Rod Chambers drove Jack Morris when he won his prelude of the Victoria Cup and a week later was again at the reins when Jack Morris finished second to New Zealand star Master Musician in the Group One Victoria Cup.

Jack Morris was brought back to Perth to be prepared for the 1993 Inter Dominion at Brisbane’s Albion Park track and he was pre-post favourite for the final and shortened further after a win over Warrior Khan on the opening night.

He followed that with a second to his great river Franco Tiger on the second night before cementing his place as favourite for the final with an easy win over Rustic Lad and Christopher Vance on the third night.

His price shortened from 6/4 to 4/6 when he drew gate three and despite being beaten out in the early speed battle Chambers soon had him settled outside the leader Franco Tiger before Chambers released the hand-brake with 500 metres to travel and Jack Morris cruised home six metres clear of Warrior Khan and Blossom Lady.

In a little over 15 months Jack Morris had gone from being a complete unknown and was now the best known pacer in Australasia.

He resumed racing at Gloucester Park in September 1993 with a couple of soft wins and a third placing to Zakara before Harney took him back to Brisbane for the Group One Queensland Pacing Championship where he went under to Warrior Khan by a half-head.

Jack Morris next started in the Group One Australian Pacing Championship at Moonee Valley and after downing Nicholas Branach he was the first horse invited into the 1993 Miracle Mile. Harney celebrated the invitation a week later when Jack Morris accounted for the Group Two Legends and then had to survive a double protest from the drivers of Franco Tiger and Nicholas Branach.

Harney then took Jack Morris to Hobart a week later when he easily won the Group One Tasmanian Pacing Championship before the pair headed to Sydney for the 1993 Miracle Mile on November 26th.

The 1993 Miracle Mile received unprecedented media coverage - in the press, radio and television - mainly due to the flamboyant and colourful Sean Harney.

All that pre-race publicity, plus more than 12 months hard work by NSWHRC officials, went down the drain, however, when the warning siren sounded at approximately 10.I5pm on Friday, November 26.
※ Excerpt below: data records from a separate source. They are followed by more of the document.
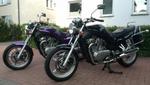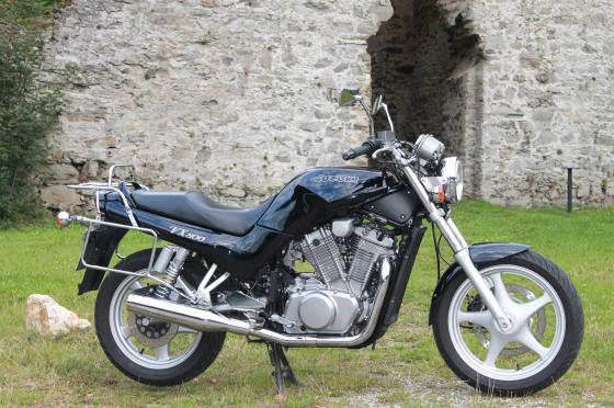 Progressive Gabelfedern von Wilbers,Stahlflex Bremsleitungen von Melvin, Hepco Becker Träger, Rest original. Und für die Touren mit Sozia noch eine King & Queen Sitzbank.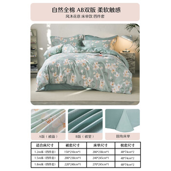 水星家纺四件套床上纯棉100%全棉透气床单被套宿舍学生1.2m床家居馆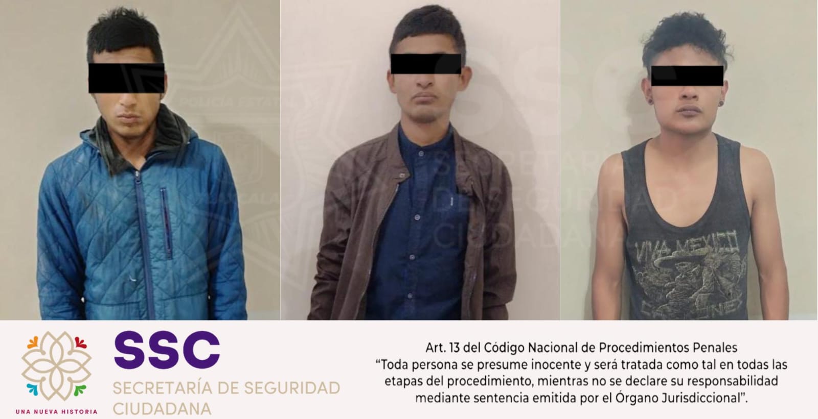 Ante este acto en flagrancia y conforme a derecho, se realizó la legal detención de Gael N., Fernando N. y Alejandro N., quienes, con los objetos recuperados y la droga, fueron puestos a disposición ante la autoridad competente para el proceso legal conforme a derecho.Con estas acciones, la SSC refrenda su compromiso de trabajo y cero tolerancia a los actos delictivos; asimismo, garantiza los trabajos realizados mediante el operativo Mando Coordinado Zacatelco.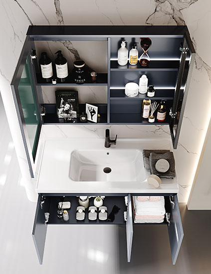 顏色:主柜柜體、鏡柜柜體為淡黃色,門板白色

In one of the biggest sensations to precede a major Australasian race, Jack Morris was withdrawn only seconds before the race was scheduled to start.

Dominating betting at 4/6 after drawing barrier three, Jack Morris was scratched on the recommendation of veterinary surgeon, Dr David Evans, as the field lined up behind the mobile barrier in the back straight when blood was noticed trickling from one nostril.

Pandemonium broke out when it was announced the odds-on favourite had been scratched. It was later estimated almost $2 million wagered in bets involving Jack Morris had to be refunded.

The 1993 Miracle Mile was won in pedestrian fashion by Chokin and while it may not have packed much punch as a spectacle, it will be best remembered as the year the hot favourite was scratched at the barrier.

Owner Peter Volk was understandably furious and ordered Harney to bypass the Treuer Memorial and to take Jack Morris straight back to Perth where the gelding won a heat of the WA Pacing Cup on December 22nd 1993 at his first start for some six weeks.

Jack Morris disappointed in finishing fourth to Hilarion Star in the $400,000 final and was sent to the spelling paddock.

He didn’t race again for some 20 months and when Jack Morris next started it was in Victoria from the stables of Andrew Peace. A suspensory problem brought a premature end to the career of Jack Morris and his last 16 starts in Victoria yielded just three minor class wins and four placings.

As for Sean Harney he was diagnosed with a tumour on the spine and cancer of the oesophagus and on 29th September 1994 he died a month short of his fortieth birthday.